• **EXERCISE OBJECTIVE**: Retype the material that follows exactly, limited to the lines from the one with "一次巡邏時,帕提曼看到一名雪" through the one with "Tradisjonelt og stilrent", and keep out all pictures.

[Start of Attachment]

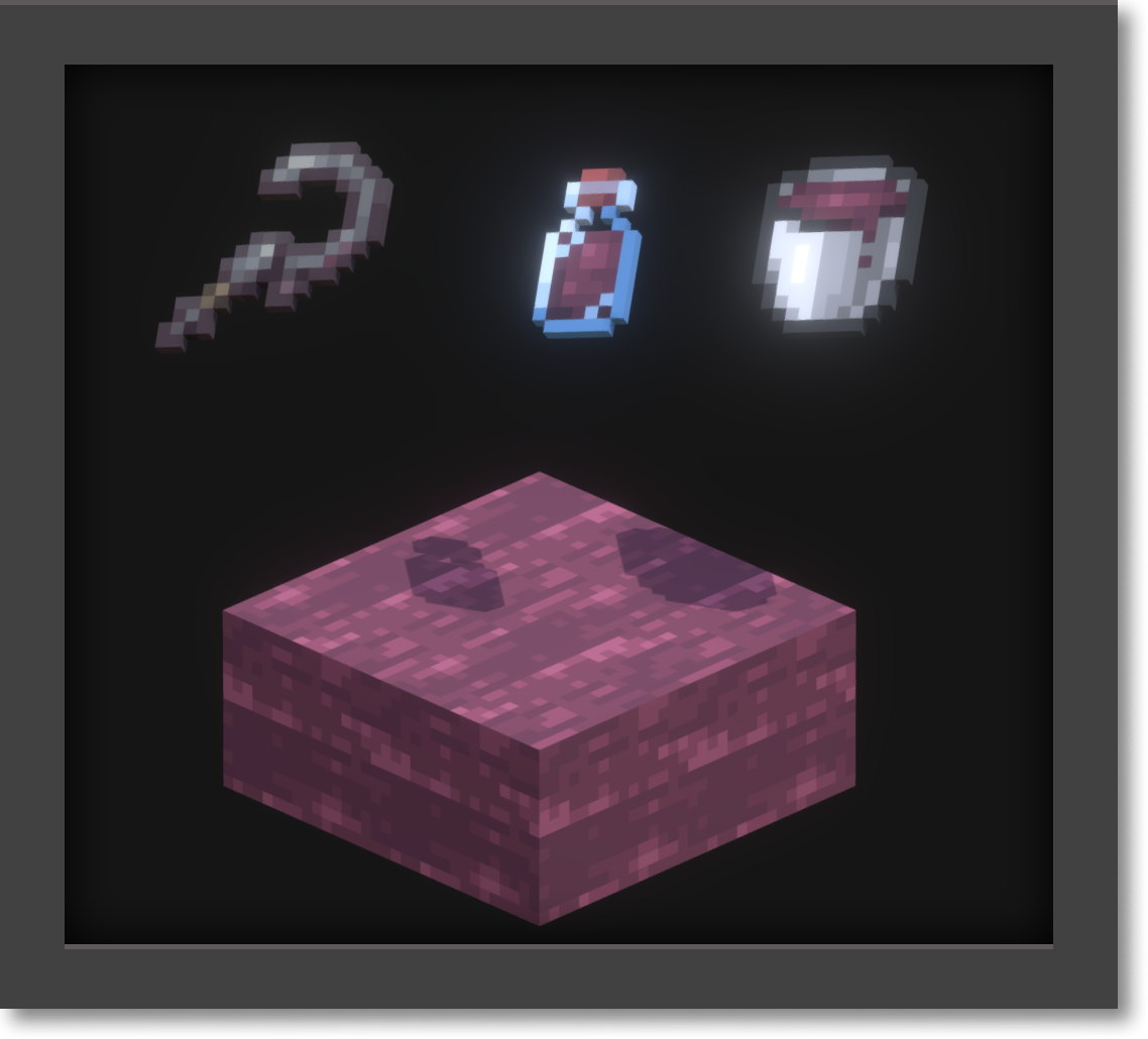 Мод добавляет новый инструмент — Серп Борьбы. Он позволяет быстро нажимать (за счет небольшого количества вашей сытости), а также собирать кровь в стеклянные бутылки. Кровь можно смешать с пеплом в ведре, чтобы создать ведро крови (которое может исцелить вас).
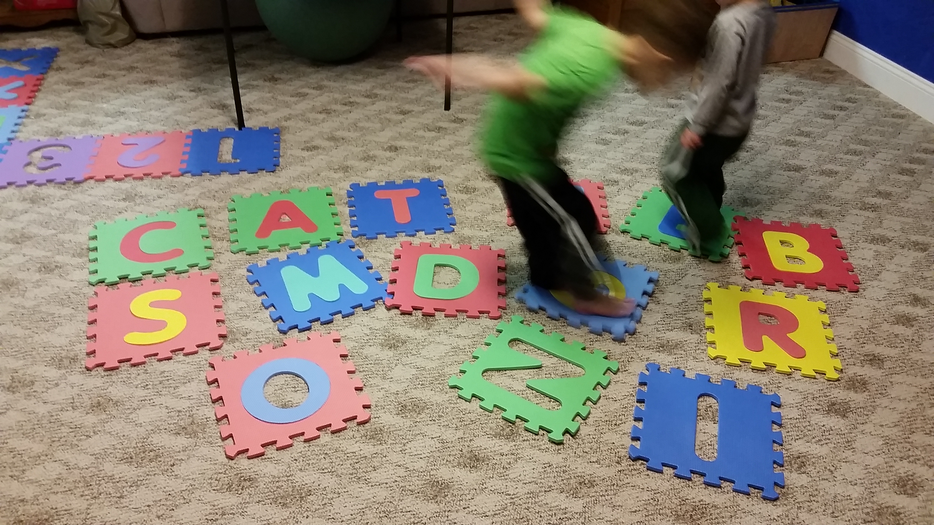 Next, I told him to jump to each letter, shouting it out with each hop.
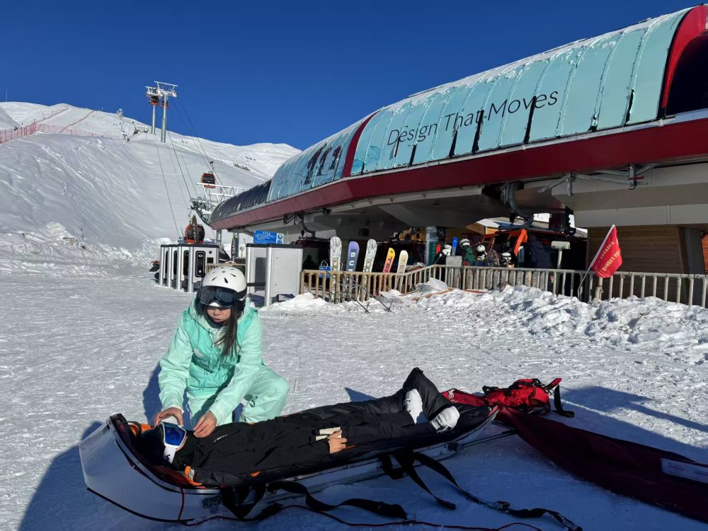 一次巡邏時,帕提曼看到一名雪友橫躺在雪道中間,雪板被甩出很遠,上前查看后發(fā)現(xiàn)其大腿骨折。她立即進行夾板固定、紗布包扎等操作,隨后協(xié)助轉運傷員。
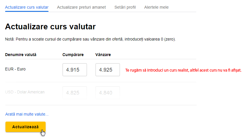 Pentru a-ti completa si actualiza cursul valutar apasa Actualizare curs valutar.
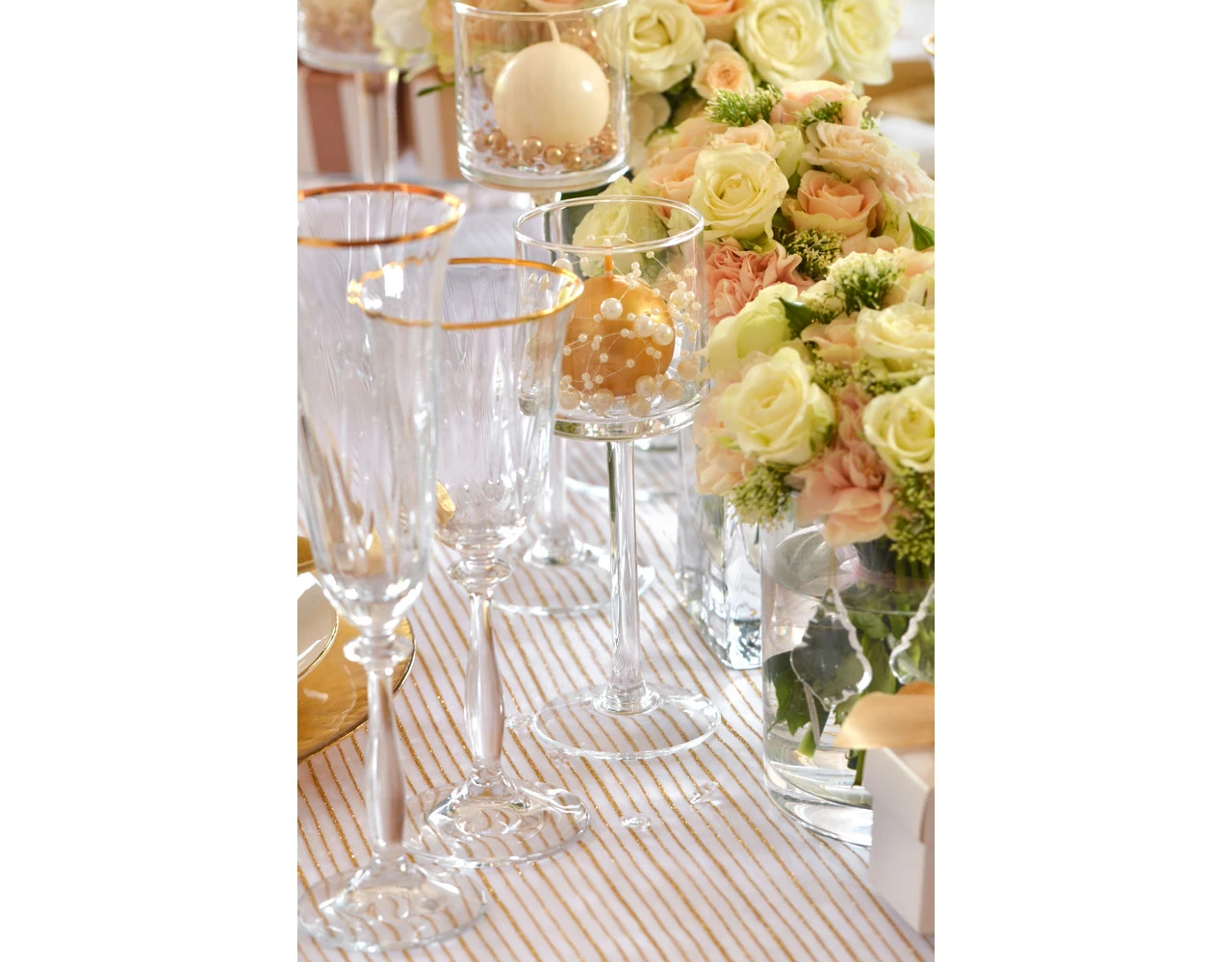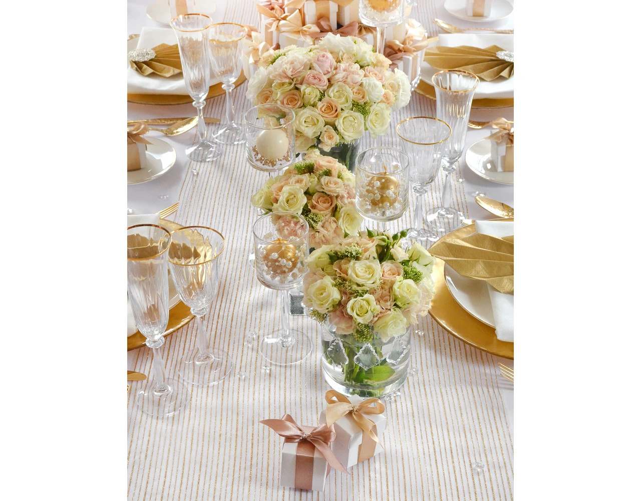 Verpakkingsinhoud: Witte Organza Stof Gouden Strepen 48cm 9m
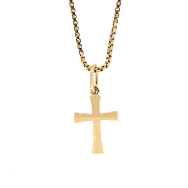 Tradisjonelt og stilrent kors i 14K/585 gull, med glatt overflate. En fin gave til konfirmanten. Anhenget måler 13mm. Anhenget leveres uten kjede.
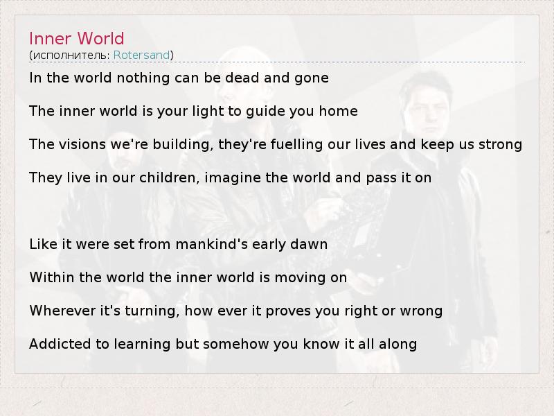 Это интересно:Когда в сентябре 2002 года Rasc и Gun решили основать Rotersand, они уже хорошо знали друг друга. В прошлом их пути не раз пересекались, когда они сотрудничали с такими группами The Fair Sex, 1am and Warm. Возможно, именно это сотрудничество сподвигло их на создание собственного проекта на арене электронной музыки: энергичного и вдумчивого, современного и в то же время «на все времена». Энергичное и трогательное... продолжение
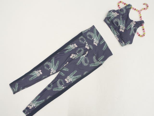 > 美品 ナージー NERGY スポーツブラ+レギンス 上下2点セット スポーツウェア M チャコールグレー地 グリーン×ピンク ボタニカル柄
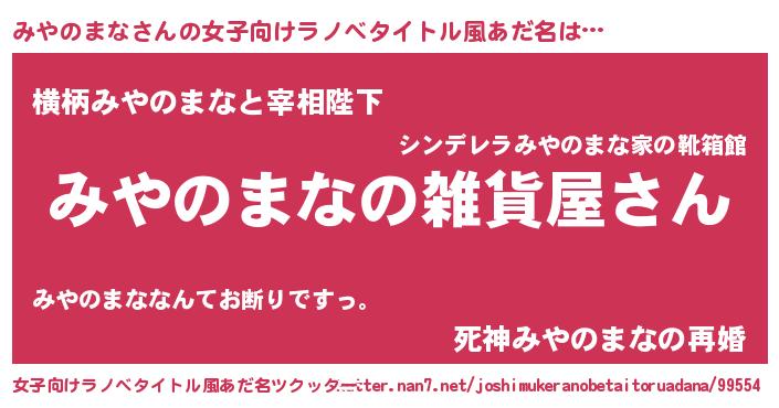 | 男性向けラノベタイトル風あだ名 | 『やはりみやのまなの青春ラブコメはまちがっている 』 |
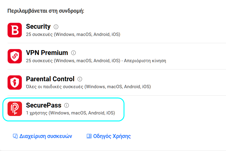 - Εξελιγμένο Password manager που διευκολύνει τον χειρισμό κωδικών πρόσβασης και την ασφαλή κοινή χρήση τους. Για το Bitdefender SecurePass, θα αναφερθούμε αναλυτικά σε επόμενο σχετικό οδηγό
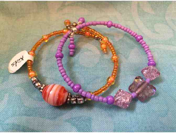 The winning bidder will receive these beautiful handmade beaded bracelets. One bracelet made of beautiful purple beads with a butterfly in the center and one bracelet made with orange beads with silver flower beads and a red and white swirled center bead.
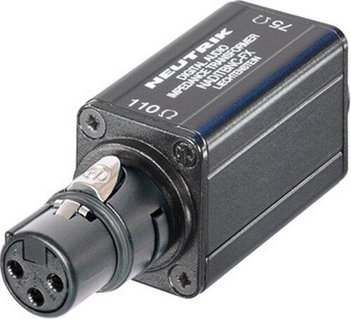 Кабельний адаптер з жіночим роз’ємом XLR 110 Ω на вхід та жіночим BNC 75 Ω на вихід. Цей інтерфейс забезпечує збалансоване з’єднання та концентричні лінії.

[End of Attachment]

• **EXERCISE RESULT**:
 一次巡邏時,帕提曼看到一名雪友橫躺在雪道中間,雪板被甩出很遠,上前查看后發(fā)現(xiàn)其大腿骨折。她立即進行夾板固定、紗布包扎等操作,隨后協(xié)助轉運傷員。
 Pentru a-ti completa si actualiza cursul valutar apasa Actualizare curs valutar.
 Verpakkingsinhoud: Witte Organza Stof Gouden Strepen 48cm 9m
 Tradisjonelt og stilrent kors i 14K/585 gull, med glatt overflate. En fin gave til konfirmanten. Anhenget måler 13mm. Anhenget leveres uten kjede.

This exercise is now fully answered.